The recent emergence and spread of new bacterial pathogens has generated great interest into how infectious diseases can persist and spread within host populations. Although it is clear that antibiotic resistance can contribute to the expansion of a new pathogenic clone (e.g. multi-drug resistant Salmonella serovars), information on other factors that enhance persistence and spread of emerging pathogens remains sparse. The question of which molecular mechanisms are responsible for the emergence and transmission of a new pathogenic S. Typhimurium clone represents a high-impact topic that will be addressed in this application. Our central hypothesis is that the horizontally acquired type III secretion system effector SopE induces production of host-derived nitrate, an energetically highly valuable electron acceptor, thus fueling a bloom of Salmonella in the gut lumen through anaerobic nitrate respiration.
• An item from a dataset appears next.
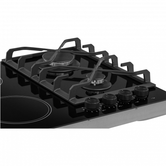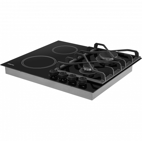 Комбинированная варочная панель HIBERG HM 6021 B соединяет в себе эстетику и функциональность, а так же премиум качество и удобство использования. Рабочая поверхность выполнена из стеклокерамики черного цвета и оснащена 4 конфорками. Уникальность данной модели в том, что она соединяет в себе два типа варочной поверхности: газовый и электрический. Рабочая поверхность с двумя электрическими конфорками имеет мощность 3000 Вт, диаметр и мощность конфорок разный, поэтому есть возможность использовать разную по форме и объему посуду. Кроме того, электрическая поверхность остывает постепенно, что позволяет поддерживать температуру только приготовленного блюда.

We will test key aspects of our hypothesis by pursuing the following specific aims: 1.) Determine the role of SopE on transmission success and 2.) Determine the role of SopE in modulating expression of genes involved in anaerobic nitrate and tetrathionate respiration in the inflamed gut. Successful completion has a strong potential to have a high impact on gastroenteritis research by providing a novel concept, i.e. that the evolution of Salmonella may be driven by making new nutrients such as anaerobic respiratory electron acceptors available in the inflamed gut, thus boosting transmission success.

Public Health Relevance

Salmonella serotypes are the most common cause of death and hospitalization from diarrheal disease and the leading cause of food-borne disease outbreaks in the United States, generating between $0.5 billion to $2.3 billion in costs for medical care and lost productivity annually in the US. Research proposed in this application will support pioneering studies on molecular mechanisms that control bacterial colonization and host transmission. The proposed studies will drive knowledge about Salmonella gastroenteritis to a higher level by providing new mechanistic insights into pathogenesis and by facilitating the development of new intervention strategies through science.

National Institute of Health (NIH)
National Institute of Allergy and Infectious Diseases (NIAID)
Exploratory/Developmental Grants (R21)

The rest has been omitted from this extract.